What is Continuous Monitoring (for developers)?

This is a guest post written for the Computer Weekly Developer Network by Eran Kinsbruner in his role as chief evangelist for Perfecto. 

Acquired by Clearlake Capital-backed Perforce in October 2018, Perfecto is a specialist in cloud-based automated mobile and web application test software solutions.

Kinsbruner reminds us that in the era of Agile and DevOps, organisations have to accelerate the delivery of value [through working, valuable, effective, productive software] to their customers — and they need to do it quickly and at high-quality. 

The upshot – or direct corollary – of this reality is that implementing continuous testing processes and reducing the number of software iterations has become more essential.

Put simply, this also drives a clear need for continuous monitoring.

Kinsbruner writes as follows…

The Continuous Monitoring (CM) phase of the DevOps cycle is one of the most important because it continuously delivers real customer feedback from production back to the developers’ workstations.

This provides valuable end-user experience feedback from the app.

Developers implement continuous monitoring (often named Application Performance Management – APM) through either synthetic monitoring or Real User Monitoring (RUM).

Synthetic monitoring

Synthetic monitoring is when the team builds a ‘production-like’ environment that mimics the production environment as closely as possible.

Against this environment, developers execute test automation code (through the scheduler) that is connected to an alerting dashboard e.g. Splunk.

The main disadvantage of this method is that this, by design, is a ‘synthetic’ rather than ‘real user’ environment.

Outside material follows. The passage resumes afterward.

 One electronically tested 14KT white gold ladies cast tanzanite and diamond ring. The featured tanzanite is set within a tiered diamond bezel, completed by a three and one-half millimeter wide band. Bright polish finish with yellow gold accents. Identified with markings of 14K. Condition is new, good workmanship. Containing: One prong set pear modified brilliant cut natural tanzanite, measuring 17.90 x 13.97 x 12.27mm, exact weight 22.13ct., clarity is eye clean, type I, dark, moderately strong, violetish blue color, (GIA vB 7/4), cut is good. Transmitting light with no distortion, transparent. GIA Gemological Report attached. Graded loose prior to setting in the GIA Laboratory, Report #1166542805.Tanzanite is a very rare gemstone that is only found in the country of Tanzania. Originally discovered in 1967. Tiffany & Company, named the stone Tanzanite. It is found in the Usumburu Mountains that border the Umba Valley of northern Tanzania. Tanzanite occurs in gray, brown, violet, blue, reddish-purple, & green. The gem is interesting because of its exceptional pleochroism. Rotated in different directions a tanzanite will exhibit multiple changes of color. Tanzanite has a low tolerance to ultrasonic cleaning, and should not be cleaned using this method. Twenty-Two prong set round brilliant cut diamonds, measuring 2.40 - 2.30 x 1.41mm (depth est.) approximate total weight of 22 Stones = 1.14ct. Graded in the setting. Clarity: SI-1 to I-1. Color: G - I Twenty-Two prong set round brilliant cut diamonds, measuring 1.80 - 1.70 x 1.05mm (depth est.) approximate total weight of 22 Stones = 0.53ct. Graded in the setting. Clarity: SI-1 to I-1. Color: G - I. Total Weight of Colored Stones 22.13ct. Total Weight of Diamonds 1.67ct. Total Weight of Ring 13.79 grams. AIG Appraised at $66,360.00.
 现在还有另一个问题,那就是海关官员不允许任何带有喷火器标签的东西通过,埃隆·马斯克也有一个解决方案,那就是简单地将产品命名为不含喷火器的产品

This can result in issues being missed, particularly in mobile apps that are specific to unique devices and environmental conditions.

RUM

Continuous monitoring via RUM is done via an SDK or an agent that is a piece of code bundled within the application in production.

This code continuously sends metrics and other important properties from the app back to the monitoring dashboards.

The advantage of this method is the unlimited coverage that developers get from the real user environment.

The risks include security – as this code acts like a backdoor from the app to the developers’ machines, reduced application performance due to the additional payload added to the app transactions by the SDK… and compliance with global regulations such as privacy.

Triggered CI jobs

With both approaches, DevOps teams automate key business transactions that are executed through triggered CI jobs – a few times a day or even hourly.

If an anomaly appears in the results of the continuous monitoring tests, an alert is thrown and sent back to a monitoring dashboard notifying developers about its severity and in some cases the root-cause of the incident.

They also enable Dev and Ops teams to tune their production environment during peak usage and / or other unique market events.